Work instruction: Reproduce the listing exactly. Omit pictures.

Data block:
┄┄┄┄┄┄

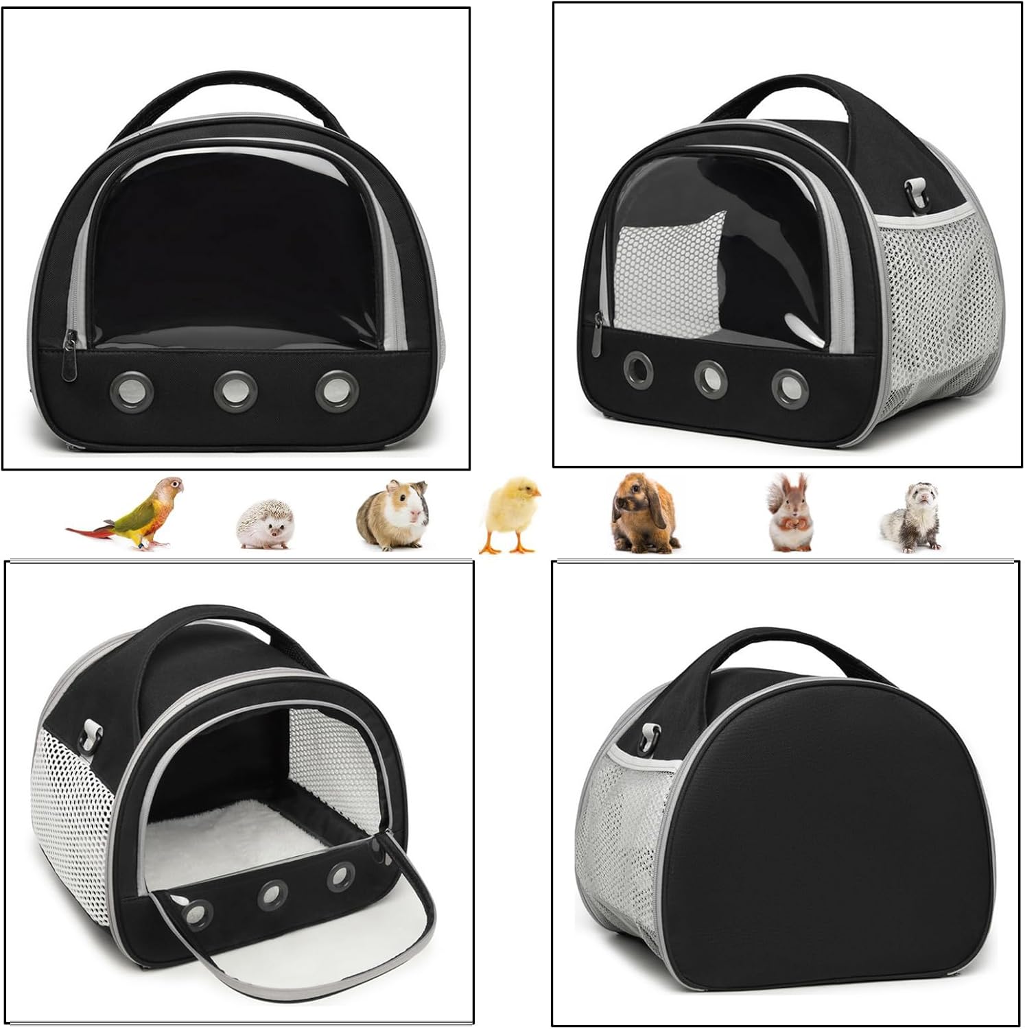 SOONHUA Преносима чанта за носене на малки животни за морски свинчета с прозрачен прозорец и дишаща мрежа за птици, плъхове, морски свинчета, катерици
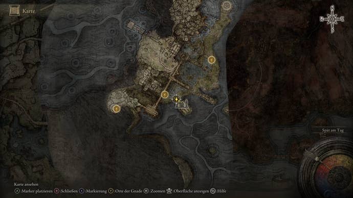 Location: Leave the Vulkan House in Gelmir through the normal exit and follow the path behind it – not far – to the marked spot. The stele containing the Gelmir map is guarded by a giant spider hand, so be careful when collecting it.
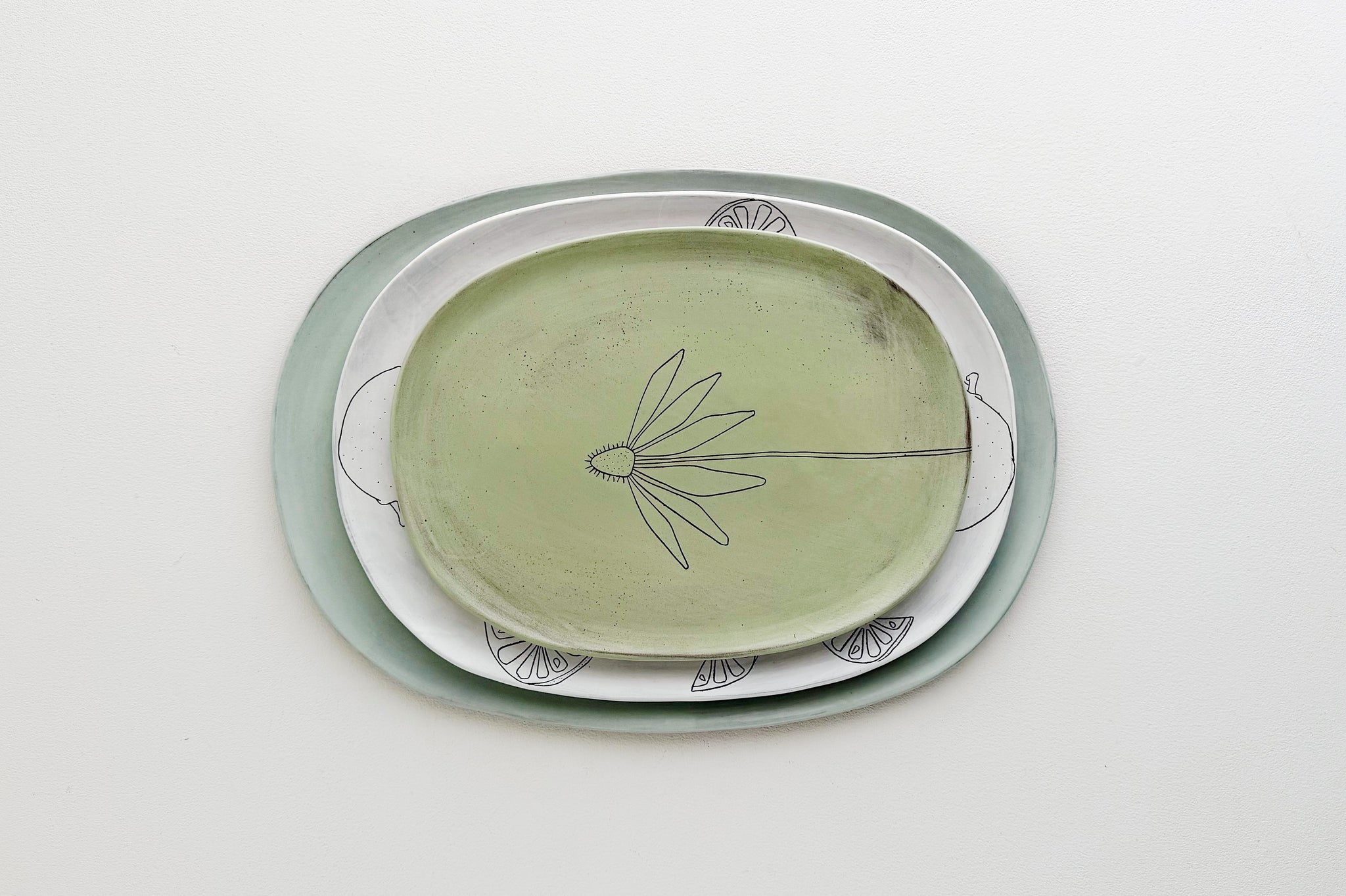 This piece is individually crafted and decorated using earthenware clay and colored underglazes. Each one is hand painted and drawn-on, so every platter is unique. It is finished with a food-safe glaze. The bottom of the platter is raw earthenware.

┄┄┄┄┄┄

Solution below:
 SOONHUA Преносима чанта за носене на малки животни за морски свинчета с прозрачен прозорец и дишаща мрежа за птици, плъхове, морски свинчета, катерици
 Location: Leave the Vulkan House in Gelmir through the normal exit and follow the path behind it – not far – to the marked spot. The stele containing the Gelmir map is guarded by a giant spider hand, so be careful when collecting it.
 This piece is individually crafted and decorated using earthenware clay and colored underglazes. Each one is hand painted and drawn-on, so every platter is unique. It is finished with a food-safe glaze. The bottom of the platter is raw earthenware.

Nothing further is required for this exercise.